Conventional sidescan sonar and multi-beam (Tritech, Kongsberg, Reson, etc) can give positional information but on surface features only. It can only image exposed cables and other seabed features and not buried geohazards. The sub-bottom profiler (Edgetech, Kongsberg, Ixsea, Innomar, etc) can see sub-seabed but only a single 2D line with limited resolution and would require multiple lines and crosslines to cover the proposed route.
Magnetometer (Innovatum, TSS, “Pipetracker”, etc) works on the basis that field measurement infers position but requires target details. Magnetometer will identify magnetic anomalies along the route corridor but sizing of objects is difficult to determine, also non magnetic geohazards would not be identified. Pipetrackers are not used for pre-route survey.
Our Sub Bottom Imager gives a full 3D image of sub-seabed down to around 6m depth and 5-8m swathe and can see both man-made and natural non-metallic targets. It can also identify the accurate depth of live cables – the only technology that can currently do this. The SBI can be used for the initial pre-lay survey on a chosen cable route, identify anomalies which could cause lay problems, identify possible alternative and carry out a post-lay survery to verify accuracy.
PanGeo technology interrogates the seabed using beam forming techniques often used in Non-destructive Testing (NDT) and medical ultrasound approaches. Our technology challenges conventional geophysics by combining multichannel ultrashort baseline arrays and synthetic aperture sonar to produce 3D images of the seabed.

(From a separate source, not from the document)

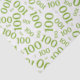 This design is a green and white, random number pattern with milestone number 100 repeated in varied sizes and angles in an all-over print.  Use this 100th birthday theme to celebrate your favourite centenarian's big day, and  for all occasions or celebrations where you are featuring the number one hundred.  The design is fun for gift wrapping, party decorations, and craft projects.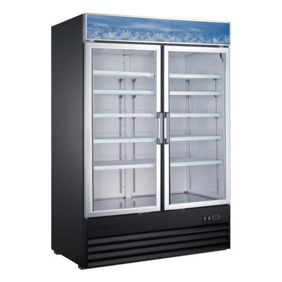 - Two self-closing, anti-fog double-pane insulated glass doors provide clear visibility and maintain optimal temperature.

PanGeo rendered data can be loaded, viewed and manipulated in the industry standard EIVA Navi-Suite of survey software tools. Rendering is accomplished using PanGeo proprietary software.
All PanGeo's tools record and save raw time series data. The rendering step of the processing uses seabed velocity to achieve 3D focusing. Any man-made objects (i.e. buried cables or pipelines) in the seabed can be readily used to achieve "good of focus" by re-rendering from the raw recorded data as necessary to maximize image quality. Where geology is the target, and no man-made objects are available, the variable data path lengths can be used in a "gather" approach to optimize velocity estimates.